[What to work on]
Every line of the listing below should be written out exactly, minus its pictures.

[Exercise data]

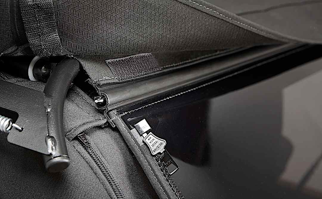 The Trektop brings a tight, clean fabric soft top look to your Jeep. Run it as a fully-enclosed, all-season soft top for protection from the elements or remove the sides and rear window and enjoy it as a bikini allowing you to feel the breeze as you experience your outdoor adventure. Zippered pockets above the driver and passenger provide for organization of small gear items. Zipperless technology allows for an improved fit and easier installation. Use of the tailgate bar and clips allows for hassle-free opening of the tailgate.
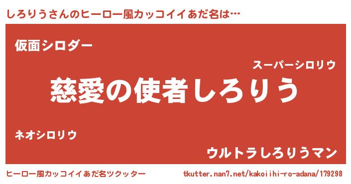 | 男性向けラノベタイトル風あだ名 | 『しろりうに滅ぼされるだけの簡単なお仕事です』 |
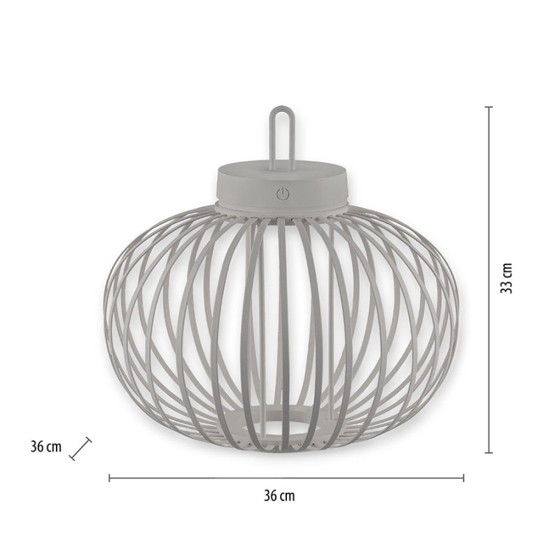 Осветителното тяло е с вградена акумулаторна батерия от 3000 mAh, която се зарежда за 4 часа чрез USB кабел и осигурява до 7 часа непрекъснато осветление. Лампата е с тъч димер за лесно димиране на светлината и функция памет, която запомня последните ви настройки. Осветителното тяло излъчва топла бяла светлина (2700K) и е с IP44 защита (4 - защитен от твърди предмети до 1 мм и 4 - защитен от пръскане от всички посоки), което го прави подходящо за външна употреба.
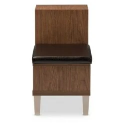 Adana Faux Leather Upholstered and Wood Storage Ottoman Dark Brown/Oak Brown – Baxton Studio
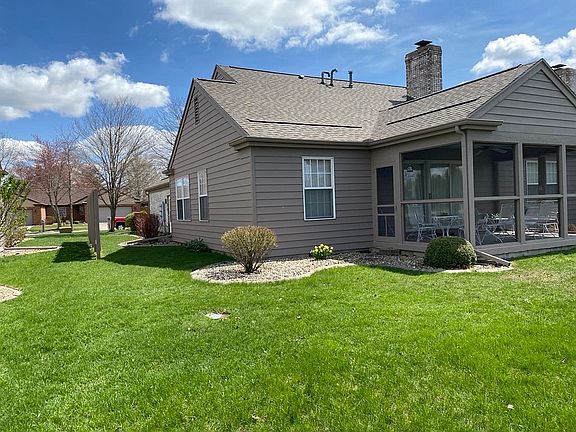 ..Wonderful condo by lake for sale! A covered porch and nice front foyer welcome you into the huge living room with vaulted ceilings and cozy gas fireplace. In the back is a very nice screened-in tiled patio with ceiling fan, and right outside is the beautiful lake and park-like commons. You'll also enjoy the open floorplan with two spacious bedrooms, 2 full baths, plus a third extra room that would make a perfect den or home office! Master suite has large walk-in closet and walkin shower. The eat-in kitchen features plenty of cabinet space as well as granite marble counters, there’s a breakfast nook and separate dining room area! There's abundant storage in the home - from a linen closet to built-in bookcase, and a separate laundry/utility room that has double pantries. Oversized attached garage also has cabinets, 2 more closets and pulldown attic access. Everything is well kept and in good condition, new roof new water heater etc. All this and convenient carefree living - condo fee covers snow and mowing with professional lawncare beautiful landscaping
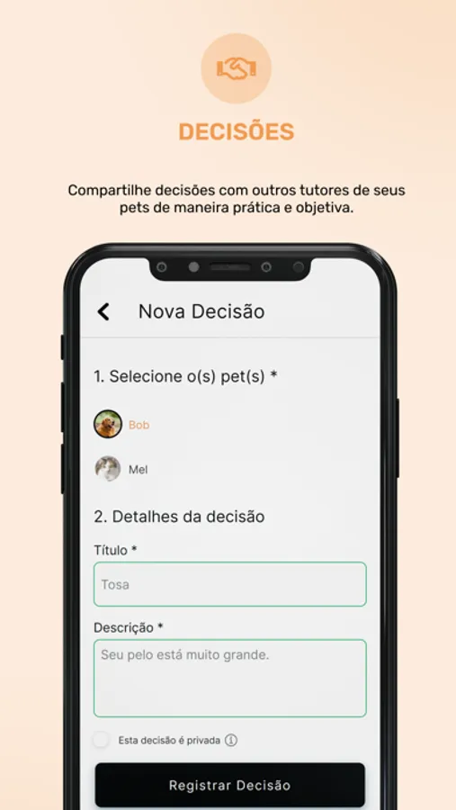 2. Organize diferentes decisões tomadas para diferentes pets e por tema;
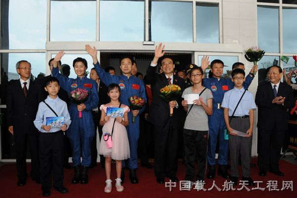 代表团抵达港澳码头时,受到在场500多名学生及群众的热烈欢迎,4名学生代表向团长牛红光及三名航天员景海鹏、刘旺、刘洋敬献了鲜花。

[Response area]
 The Trektop brings a tight, clean fabric soft top look to your Jeep. Run it as a fully-enclosed, all-season soft top for protection from the elements or remove the sides and rear window and enjoy it as a bikini allowing you to feel the breeze as you experience your outdoor adventure. Zippered pockets above the driver and passenger provide for organization of small gear items. Zipperless technology allows for an improved fit and easier installation. Use of the tailgate bar and clips allows for hassle-free opening of the tailgate.
 | 男性向けラノベタイトル風あだ名 | 『しろりうに滅ぼされるだけの簡単なお仕事です』 |
 Осветителното тяло е с вградена акумулаторна батерия от 3000 mAh, която се зарежда за 4 часа чрез USB кабел и осигурява до 7 часа непрекъснато осветление. Лампата е с тъч димер за лесно димиране на светлината и функция памет, която запомня последните ви настройки. Осветителното тяло излъчва топла бяла светлина (2700K) и е с IP44 защита (4 - защитен от твърди предмети до 1 мм и 4 - защитен от пръскане от всички посоки), което го прави подходящо за външна употреба.
 Adana Faux Leather Upholstered and Wood Storage Ottoman Dark Brown/Oak Brown – Baxton Studio
 ..Wonderful condo by lake for sale! A covered porch and nice front foyer welcome you into the huge living room with vaulted ceilings and cozy gas fireplace. In the back is a very nice screened-in tiled patio with ceiling fan, and right outside is the beautiful lake and park-like commons. You'll also enjoy the open floorplan with two spacious bedrooms, 2 full baths, plus a third extra room that would make a perfect den or home office! Master suite has large walk-in closet and walkin shower. The eat-in kitchen features plenty of cabinet space as well as granite marble counters, there’s a breakfast nook and separate dining room area! There's abundant storage in the home - from a linen closet to built-in bookcase, and a separate laundry/utility room that has double pantries. Oversized attached garage also has cabinets, 2 more closets and pulldown attic access. Everything is well kept and in good condition, new roof new water heater etc. All this and convenient carefree living - condo fee covers snow and mowing with professional lawncare beautiful landscaping
 2. Organize diferentes decisões tomadas para diferentes pets e por tema;
 代表团抵达港澳码头时,受到在场500多名学生及群众的热烈欢迎,4名学生代表向团长牛红光及三名航天员景海鹏、刘旺、刘洋敬献了鲜花。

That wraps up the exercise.